CSM are Adeptus Astartes.... and I don't see anyone arguing for them.


----------



## D-A-C (Sep 21, 2010)

Tim/Steve said:


> CSM are Adeptus Astartes.... and I don't see anyone arguing for them.


You do now ... Chaos Marines should get it too!!! We should be able to scavage and use anything used by the loyalists.

Plus I should be able to use it for Codex Daemons as Daemons love to possess vehicles.

Plus the Orks should have one, as they can scavage thing as well, and make it work with their 'Peter Pan Magic Make Believe'.

The Tau should also be able to get one, just because it would be in the interest of the Greater Good.

Plus both the Eldars are so far advanced in comparison with the Imperium that it would be like learning to drive a kiddies bike for them.

The Tyranids should also get one, because did you see Aliens? That queen is one clever b*tch, so by default, the Hive Mind should be waaayyyy better.

The Necrons should get in on the action as well, because they are super douper robot thingy's and they should be able to plug themselves into once they wake up.

The Imperial Guard, Inquisition, and Sisters of Battle should be able to get one because they are humans too, and, well, they want the new shiny toy as well.

The Grey Knights should get one because Draigo can fly anything!!!!!

The Empire should get one because they have steam tanks, so I'm sure they could figure out how to work it.

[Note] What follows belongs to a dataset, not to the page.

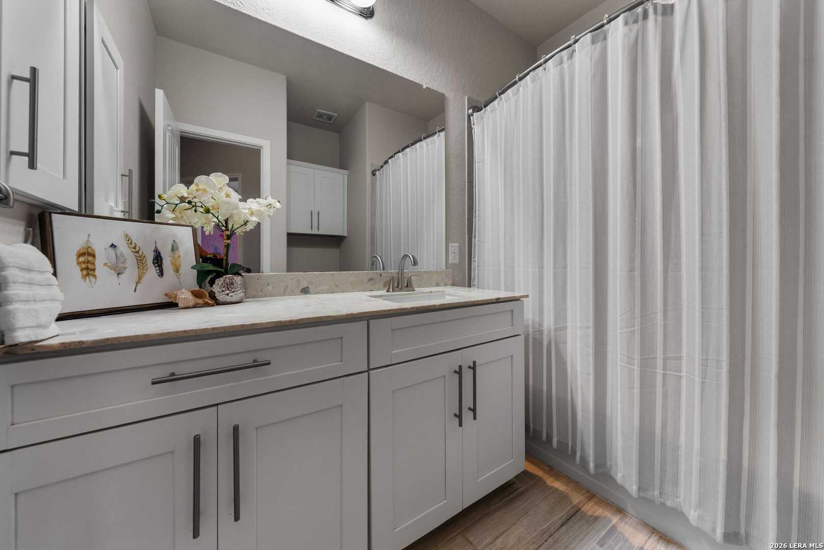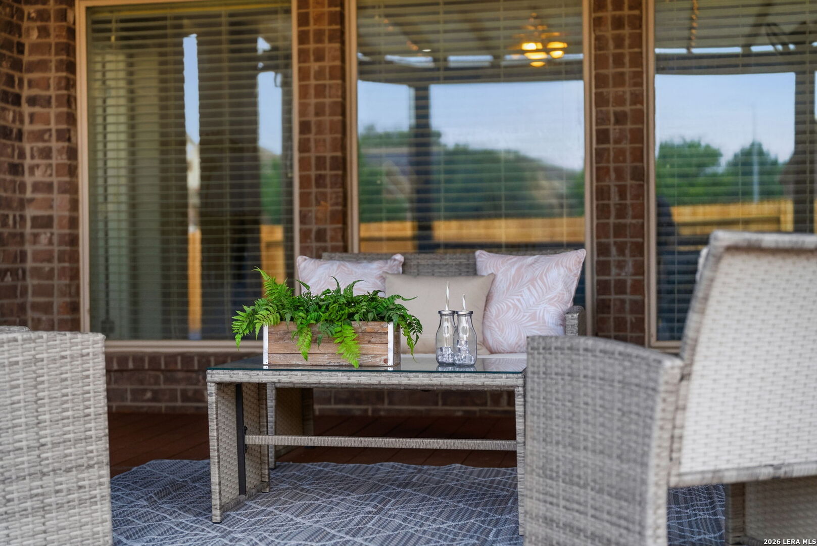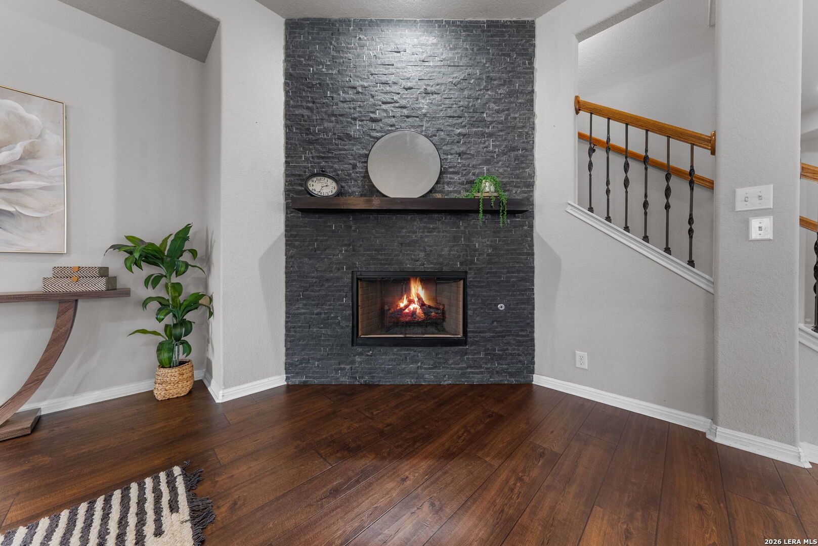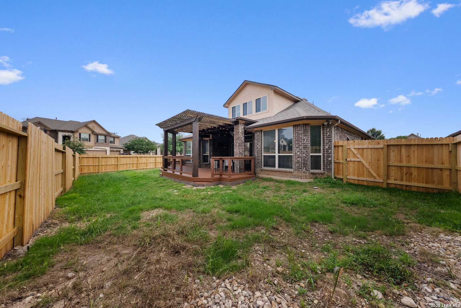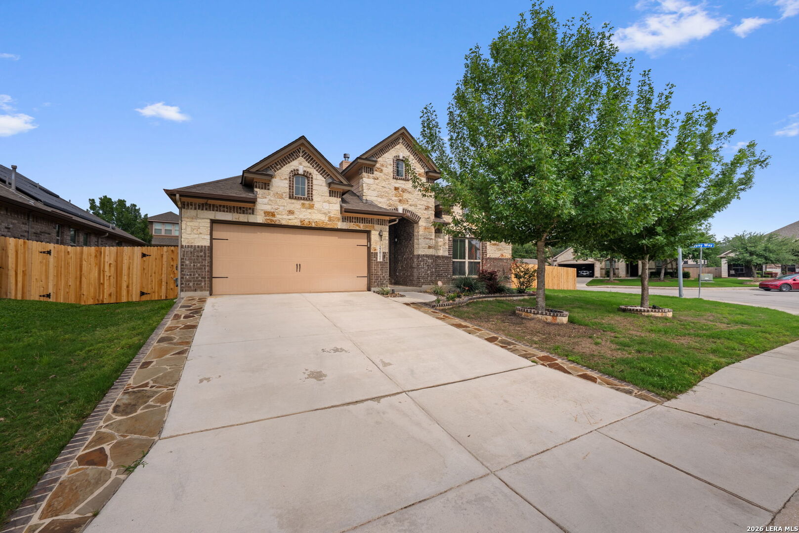 Step into elevated living in the gated enclave of Wortham Oaks, where this meticulously maintained 1.5-story home sits on an oversized corner lot just under a quarter acre. Featuring 4 bedrooms, 2 full baths, and 2 half baths, the functional layout places all bedrooms and the laundry room downstairs, with a private upstairs game room and half bath ideal for guests or entertaining. The open-concept design is anchored by a well-appointed kitchen with white shaker cabinetry, quartz countertops, gas cooking, stainless steel appliances, and a modern subway tile backsplash. The spacious living area offers wood and tile flooring, abundant natural light, and a striking floor-to-ceiling stone fireplace. The primary suite serves as a true retreat with bay windows and dual closets, while added features like surround sound wiring enhance everyday living. Step outside to a covered patio and extended deck overlooking the oversized yard, offering plenty of space to relax or entertain. This home stands out for its lot size, layout, and upgrades. Schedule your private showing today to experience everything this home has to offer.

The Skaven are smart rats and have been stowing away on these things for years, watching, waiting, learning all the buttons, so they can get one too.


I think you get the idea.


----------



## TheReverend (Dec 2, 2007)

The manager at my local GW store is saying all space marines can take them... not that I want one in my Space Wolves army, but still, he said I could have one...


----------



## Tim/Steve (Jan 25, 2009)

WHAT!?! A GW manager is saying that you could use a model in your army if you spent the money in his shop to buy it.... I just don't believe it, it sounds so unlikely.


----------



## TheReverend (Dec 2, 2007)

Tim/Steve said:


> WHAT!?! A GW manager is saying that you could use a model in your army if you spent the money in his shop to buy it.... I just don't believe it, it sounds so unlikely.


haha, yeah, I know exactly why he was saying it... I might have a base with a Storm Talon diarama on it where my Space Wolves carving one up and killing the ultrasmerf inside and use that as a 'counts as'...


----------